What are the differences, if any, that you see in the attitude towards trees in different countries/continents?
That was the biggest surprise for me and perhaps one of the explanations why a German book on trees is read all over the world. There are really no differences. Forests and trees belong to humankind since it exists; the only differences are the myths and tales about forests.
There is now a growing body of academic work that seeks to move beyond the human-centric view of nature. You also tend to follow the same idea and present stories from the perspective of trees. Was that a conscious choice?

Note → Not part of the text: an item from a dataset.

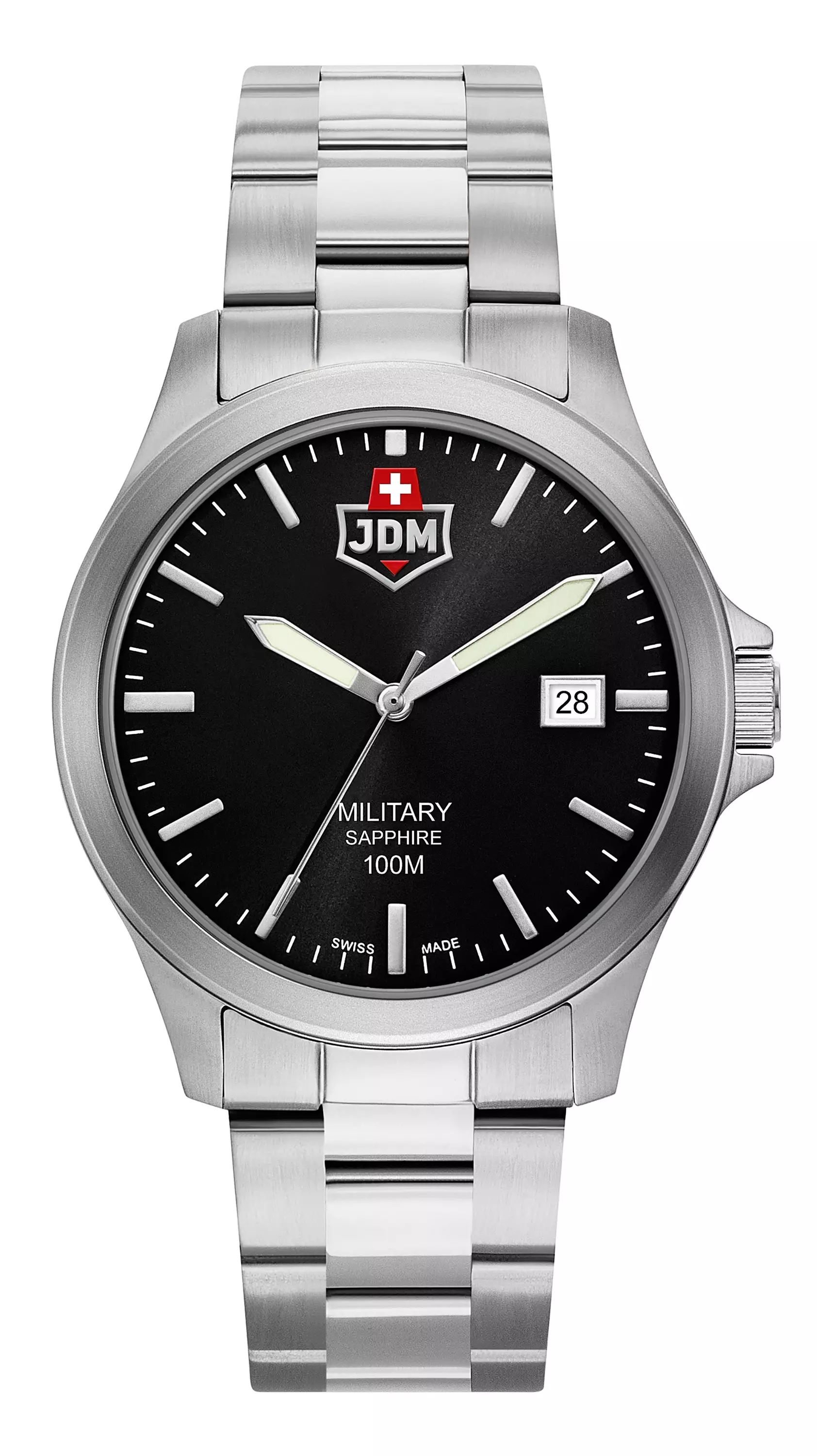 JDM-Military - Sveitsiläistä laatua ajattomassa muodossa. Alpha II on ainutlaatuinen ja sporttinen miesten rannekello jokaiseen tilanteeseen. Laadukkaan rannekellon varustukseen kuuluu naarmuuntumaton safiirilasi, sekä 10 ATM vesitiiveys. Tämä kello kestää kaiken purevista pakkasista, trooppisiin lämpötiloihin! Kellon runko ja ranneke on valmistettu ruostumattomasta teräksestä, tai vaihtoehtoisesti aidosta nahasta.

I undertook guided tours in my forest for 25 years. The participants were my teachers. I instantly knew when my storytelling was boring. So I developed my stories around trees in the way that facts could be easily understood and that the participants developed a sympathy for trees. Afterwards, very often they would ask where to read more about trees—and that's how my books were born. They are written guided tours.
Environment protection is always posed in terms of how crucial it is to save trees to ensure human survival. Does this perspective need a rethink?
Yes, I think it is time for a new look on nature. Many of us are tired of the constant talk on how badly we treat our environment. I think there are two important things: one is that we should recognise that nature protection means first we protect ourselves. The other aspect is that we should enjoy nature more. What we love, we will protect. And that is my main aim: to show that trees are something like elephants. They live in family bands, they have emotions, they have memories, and they care for each other. The main difference is that they are so slow that they are regarded just a little more than stones. So I would like the readers to have more fun with trees and to discover hidden secrets of these "slowly" beings. Protection will follow automatically.